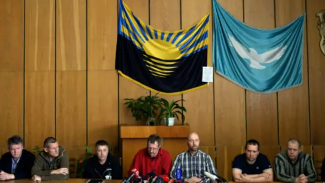 Украина шарқида россияпараст фаоллар томонидан қўлга олинган Оврўпо Хавфсизлик ва Ҳамкорлик ташкилоти кузатувчилари журналистлар қаршисига чиқишган.
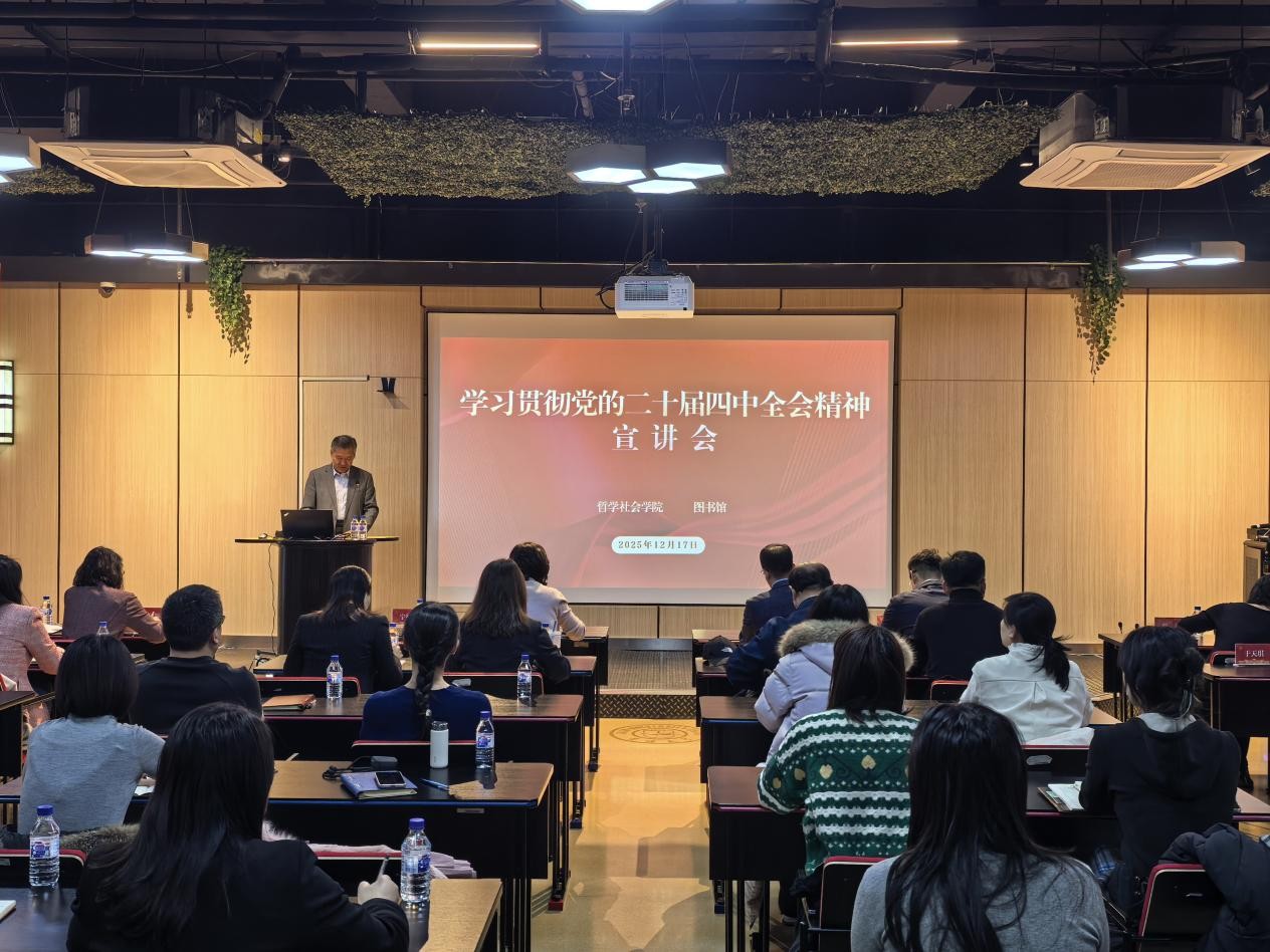 共同开展学习贯彻党的二十届四中全会精神宣讲会。宣讲会上,院长白刚教授以“聚焦‘十五五’:全面推进中国式现代化”为题做专题辅导。学院党委书记张晓萌及其他班子成员、党委委员、纪委委员、党支部书记、教师党员代表、学生党员代表出席本次活动。本次活动由图书馆党委书记宁德宽主持。
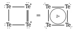 4.[43] Diferente da maioria dos metais, que se dissolvem no ácido para gerar cátions simples, ou dos não-metais que geralmente não reagem, o telúrio reage formando esse cátion poliatômico Te2+
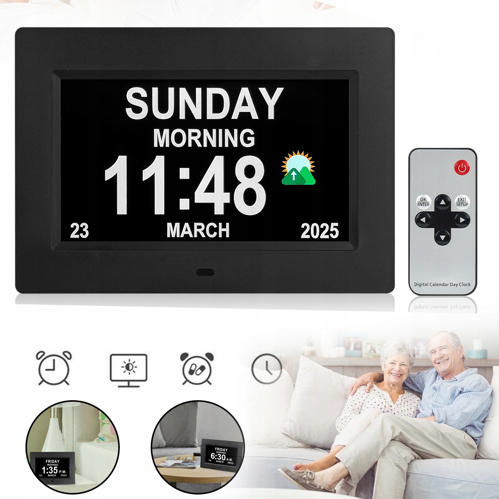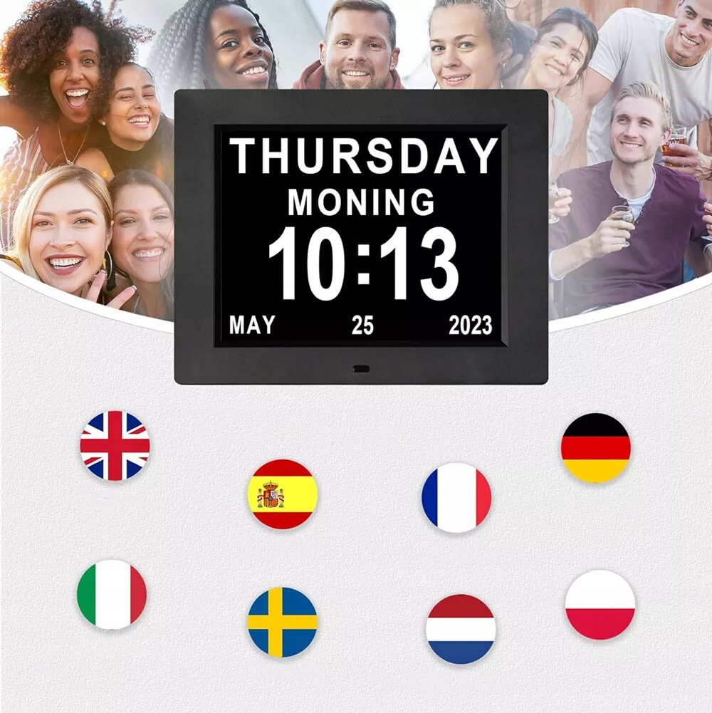 Цей календарний годинник інформує про час протягом дня, що робить його корисним годинником для літніх людей, щоб бути незалежними та відновити свою гідність. Корисна допомога для людей із вадами зору: великий цифровий годинник чітко показує час і дату. Упаковка не містить тексту про втрату пам’яті, деменцію чи хворобу Альцгеймера і є ідеальним подарунком для літніх людей.
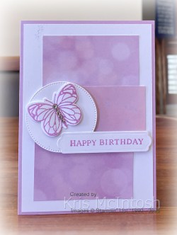 Today I have a card to share using the Beautiful Butterflies stamp set. I attached three pieces of Fresh Freesia patterned paper from the Beautiful Bokeh 6″ x 6″ Designer Series Paper to Basic White card, I did use both sides of the paper. The whole panel is attached to scored and folded Fresh Freesia card. I cut Basic White card using one of the circles from the Stylish Shapes Dies and attached it to the card front using dimensionals. I stamped the butterfly from the Beautiful Butterflies stamp set onto Basic White card using Fresh Freesia ink.
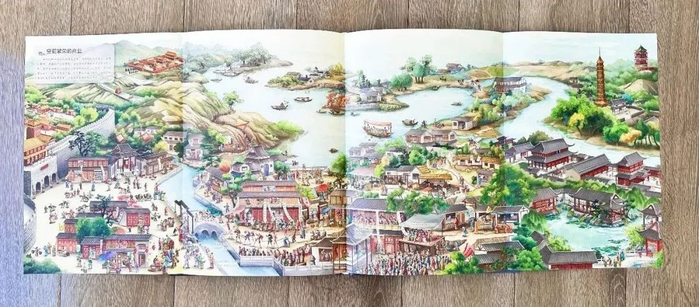 再看明朝的南京城。南京是江南地区的政治、经济和文化中心,也是全国性的商业城市,非常地繁荣。插画师在创作这幅画时,不仅阅读了大量的文献资料,还参考了明朝画家仇英的《南都繁会图》,可以说尽量还原当时的情景。这幅图打开之后足足有1米长,江南的春景扑面而来。
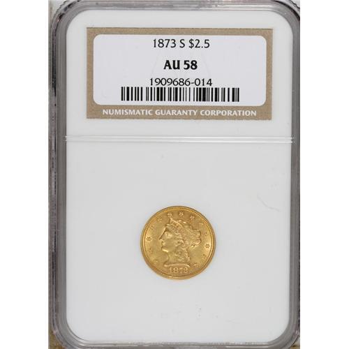 1873-S $2 1/2 AU58 NGC. NGC Census: (46/27). PCGS

Work item
The lines to copy exactly start with the line above that has "共同开展学习贯彻党的二十届四" and go on through the line that has "4.[43] Diferente da"; please include both, add nothing else, and omit the pictures.

Response to the task
 共同开展学习贯彻党的二十届四中全会精神宣讲会。宣讲会上,院长白刚教授以“聚焦‘十五五’:全面推进中国式现代化”为题做专题辅导。学院党委书记张晓萌及其他班子成员、党委委员、纪委委员、党支部书记、教师党员代表、学生党员代表出席本次活动。本次活动由图书馆党委书记宁德宽主持。
 4.[43] Diferente da maioria dos metais, que se dissolvem no ácido para gerar cátions simples, ou dos não-metais que geralmente não reagem, o telúrio reage formando esse cátion poliatômico Te2+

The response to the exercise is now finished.